High-yielding forage grass cultivars increase root biomass and soil organic carbon stocks compared with mixed-species permanent pasture in temperate soil

Agricultural grass cultivars bred for increased forage yield commonly have extensive root systems. As roots are an important input of organic matter into the soil, it follows that such cultivars could lead to important increases in soil organic carbon (SOC), but this, and the mechanisms involved, are poorly understood with little empirical field evidence.
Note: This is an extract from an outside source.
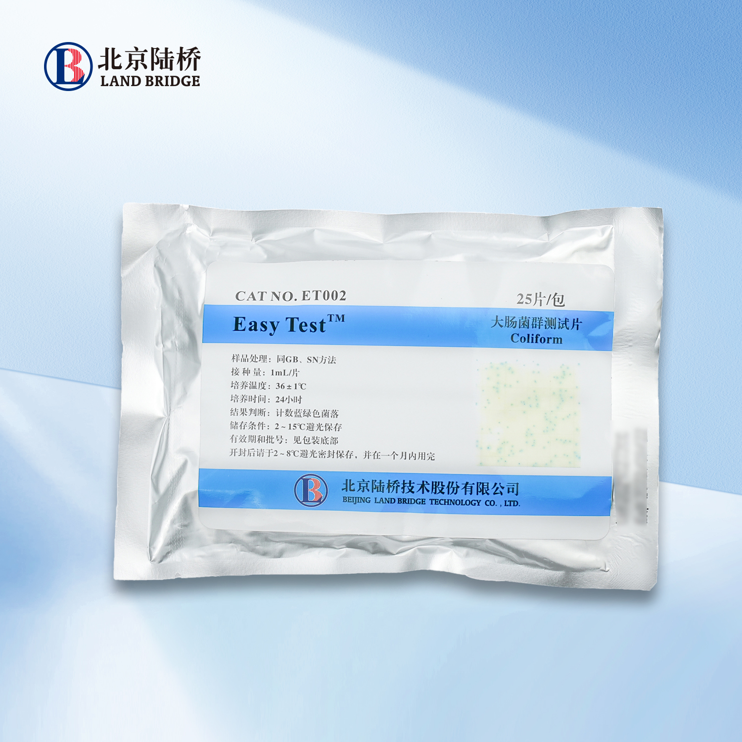 货号:ET002 规格:25片/包 产品说明:用于食品中大肠菌群测定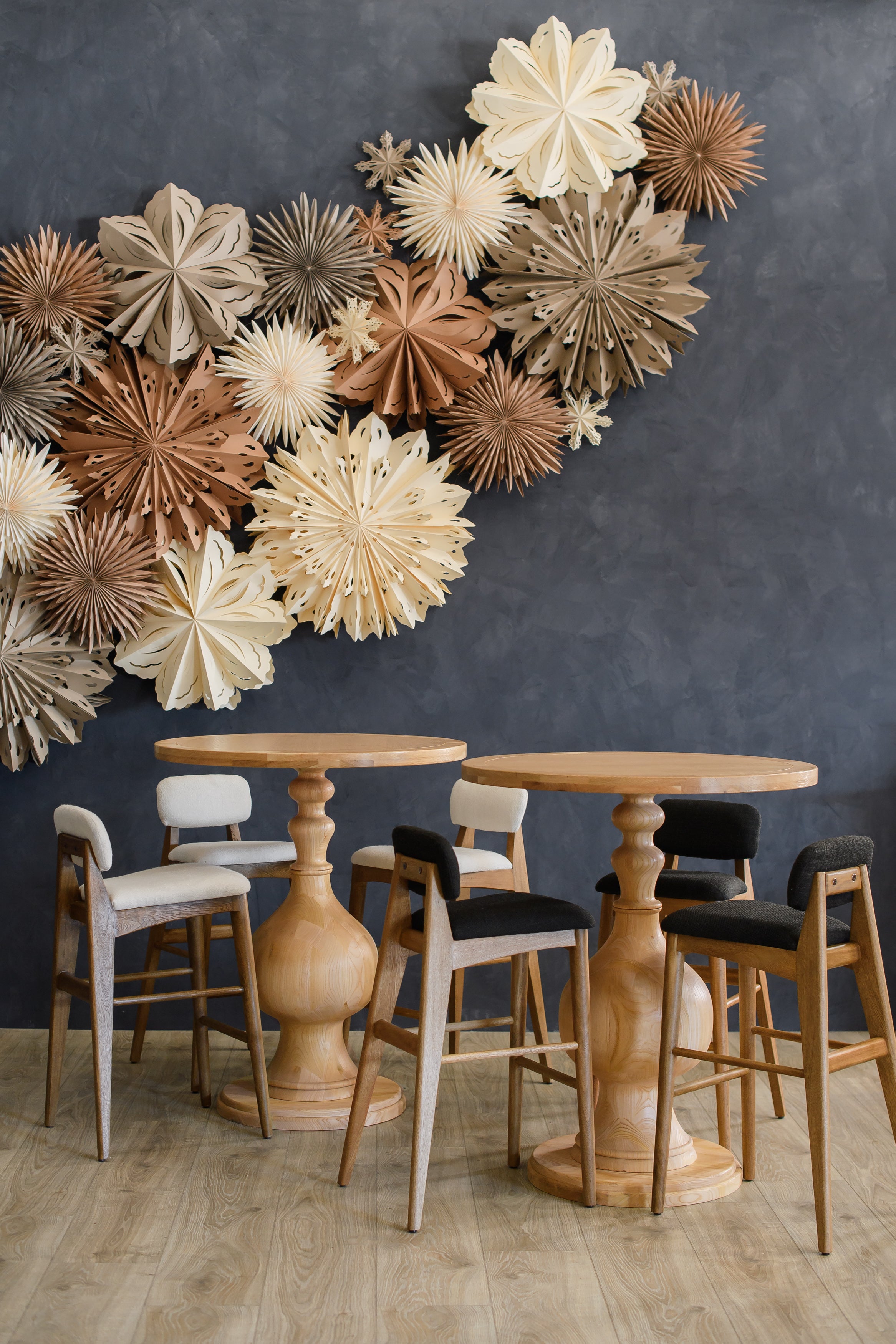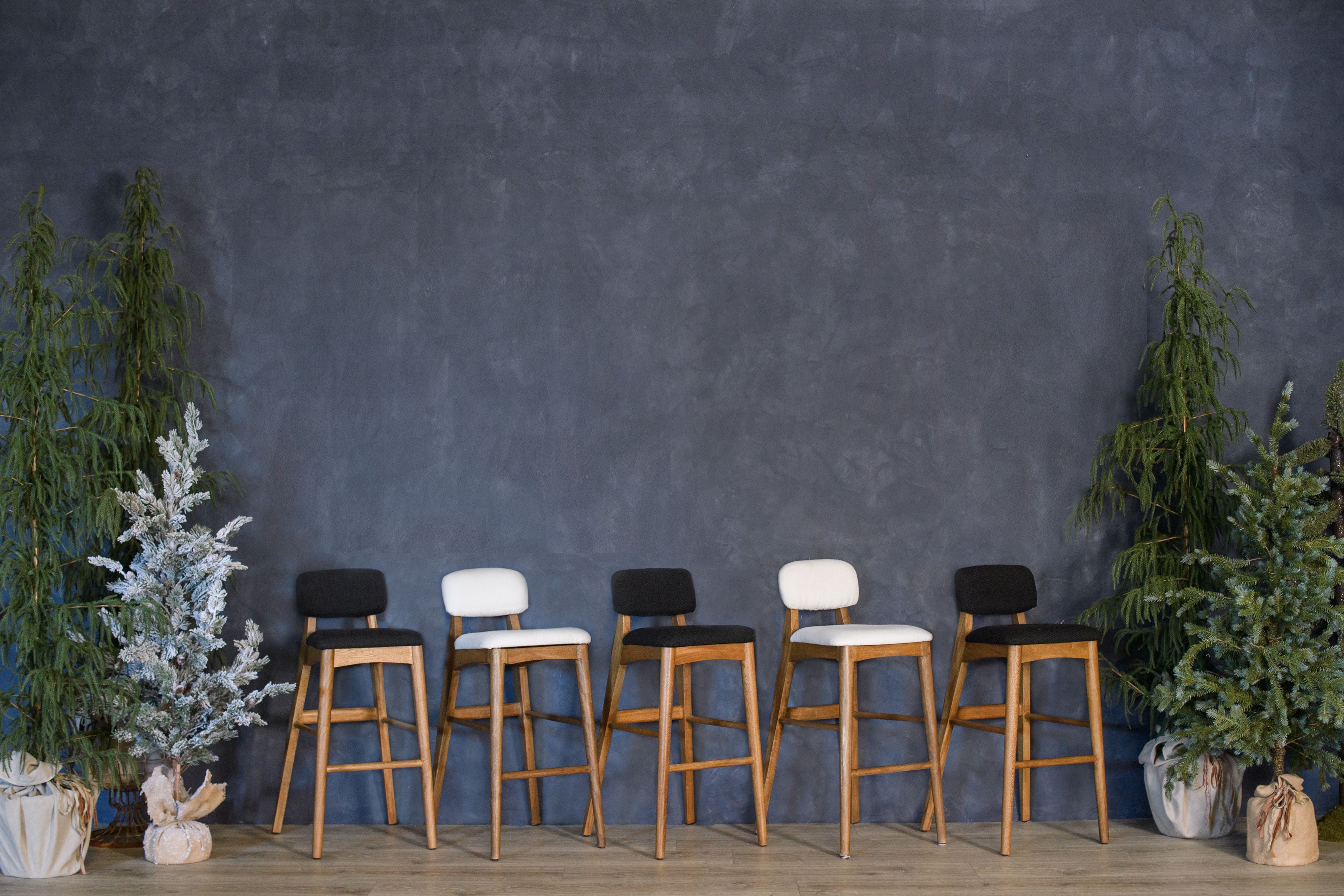 The Pablo Black Bar Stool features a wood barstool with a black upholstered back and seat. A natural and minimal rental for the curated wedding or event of your dreams.

We assessed the effect of two cultivars, Lolium perenne L. cv. ‘AberMagic’ and L. perenne L. × Festuca pratensis Huds. cv. ‘Prior’, in comparison with mixed-species permanent pasture (‘Pasture’) in a field experiment on temperate alluvial soil in the southwest UK. Root and SOC stocks, and specific plant-derived lipids as mechanistic biomarkers for shoot and root inputs of C, were measured on intact 1-m volumetric soil cores collected on four dates in 2013-2015. Total grass yields were greater for both grass cultivars (40-43 Mg ha–1) than Pasture (39 Mg ha–1), and by 2015 root stocks in the upper 0.1 m were significantly greater by more than 4.7 Mg ha–1. At 0.1-0.3 m depth, SOC stocks (per 0.1-m depth) were significantly greater under the two grass cultivars (24-50 Mg ha–1) compared to Pasture (18-32 Mg ha–1). In the full 1-m profile, mean SOC stocks were 137, 133 and 110 Mg ha–1 for AberMagic, Prior and Pasture, respectively, matching root biomass distribution. Odd-chain n-alkane concentrations were significantly greater for shoots than roots (274 vs. 64 mg kg–1, respectively), and roots had significantly greater concentrations than shoots of even-chain hydroxy fatty acids (1829 vs. 305 mg kg–1, respectively) and diacids (317 vs. 93 mg kg–1, respectively). This confirmed lipids as candidate biomarkers for distinguishing shoot and root inputs into the soil, with the latter being the dominant source of SOC. Based on the observations of increased forage yield and SOC stock, high-yielding forage grass cultivars can contribute to future strategies for climate-smart agriculture in grassland-dominated temperate regions.